Clearly written and easy to understand. The paper was generally well written and easy to follow.

缺点

Lack of engagement with prior work exploring methods for encoding structured/non-text information in language models (discussion or implementation). The focus of the work / main findings are that LLMs are not very good at encoding/reasoning over numerical/structured values such as those important in representing and reasoning over the relationship between material composition and properties. But as far as I can tell, the paper only experiments with the most naive possible input and output representations (input: encoded representation of material composition/structure; output: numerical value of property). In this scenario, it is expected that the model will not do well in leveraging encoded structure because it is essentially forced to learn from scratch, because the representation of structure being used during finetuning/testing is likely too distinct from the representation of any similar knowledge during training, where the model was largely exposed to natural language text and code. It is known that LLMs, particularly the instruction-fine tuned models used in the paper, can struggle when provided with this type of non-natural-language formatted data, due to the mismatch between distributions observed during training, finetuning and evaluation. See e.g. Fatemi et al. (2023), Hegselmann et al. 2023, Li et al. 2024, Yin et al. 2023, and other referenced work. While it would be interesting to validate this in this domain, insights from the current experimentation are limited because the experiments do not represent a realistic, good-faith setup for probing the models’ capabilities towards this end. Example methodologies that might do better would be tool use (to outsource quantitative reasoning), encoding the material structure information into code-type snippets, or even just encoding the input-output pairs as natural language questions (the Robocrys encoding gets close to this by at least encoding materials as natural language descriptions.) A single specific approach to this, RASP (Weiss et al. 2021), is discussed in the conclusions section, but not experimented with.
Limited contributions over prior work. Relationship with MatBench should be clearly characterized very early in the paper, due to the similarity. MatBench is designed to benchmark any type of model on the same task, and the main contributions of this work over MatBench are: additional input representations (since this is the main challenge in using LLMs for this type of modeling) and software to help with evaluation and converting between representation formats. Because of the limited empirical results (as discussed above), this paper mostly provides a new benchmark, which is mostly composed of existing data/representations, but not many insights based on the benchmark, or other findings demonstrating its usefulness.
Limited analysis of results.
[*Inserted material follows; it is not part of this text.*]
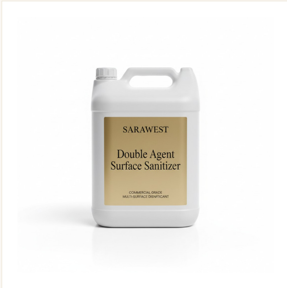
Concept image. Product can be customized to your specifications.

"Double Agent products are supplied in two colour coded formulations."

The appendix contains the beginning of some interesting analyses of the results. In particular, I would recommend moving discussion of the experimentation with tokenization to the main paper in future drafts, and elaborating. I’m very surprised that changes to the tokenization did not meaningfully improve performance. It would be interesting to see some examples of the tokenized inputs, under the default and modified settings. The encoded representations are so different than the text the default tokenizers were trained on, I would expect this to have a significant impact, and I wonder if just implementing Born & Manica (2023) was insufficient.
Discussion of limitations could be improved. This work has many limitations not included. Breadth of models compared was limited. For example, benefits of scaling are only discussed in the context of “grokking” but it’s not clear why scaling more would not help further, since it was shown to lead to improvements in the existing results. The BERT models are incredibly small (4 layers and 8 attention heads), etc.

问题

If you experimented with different prompt formats and strategies for decoder-only LLMs, could you report what you tried and whether it had any impact on results?
If not, why did you use instruction fine-tuned models, but did not fine-tune on or experiment with instruction-style input-output pairs?
Why not experiment with larger models (potentially proprietary/closed)?
Why did you choose the specific size of the BERT model?

Additional notes:

Would be helpful to add some additional highlighting in Table 2 — e.g. which representation (or MatBench model) performs best for each task? Very hard to parse visually. Also, both RMSE and ROC are reported, would be nice if it was indicated for which rows higher is better and lower is better.
Fix references to be parenthetical (e.g. \citep rather than \citet) on line 84, also various similar mistakes in the appendix.
Typo on line 332
It would be helpful if you added some concrete examples of input-output pairs to the main paper, perhaps including examples that do and do not encode locality, since a distinction there was one of your key findings. Including versions tokenized using the given tokenizers would be informative as well.
Relevant concurrent work: https://arxiv.org/abs/2409.14572

评论- Rebuttal on "limited analysis"

2024-11-27

Limited analysis of results. The appendix contains the beginning of some interesting analyses of the results. In particular, I would recommend moving discussion of the experimentation with tokenization to the main paper in future drafts, and elaborating. I’m very surprised that changes to the tokenization did not meaningfully improve performance. It would be interesting to see some examples of the tokenized inputs, under the default and modified settings. The encoded representations are so different than the text the default tokenizers were trained on, I would expect this to have a significant impact, and I wonder if just implementing Born & Manica (2023) was insufficient.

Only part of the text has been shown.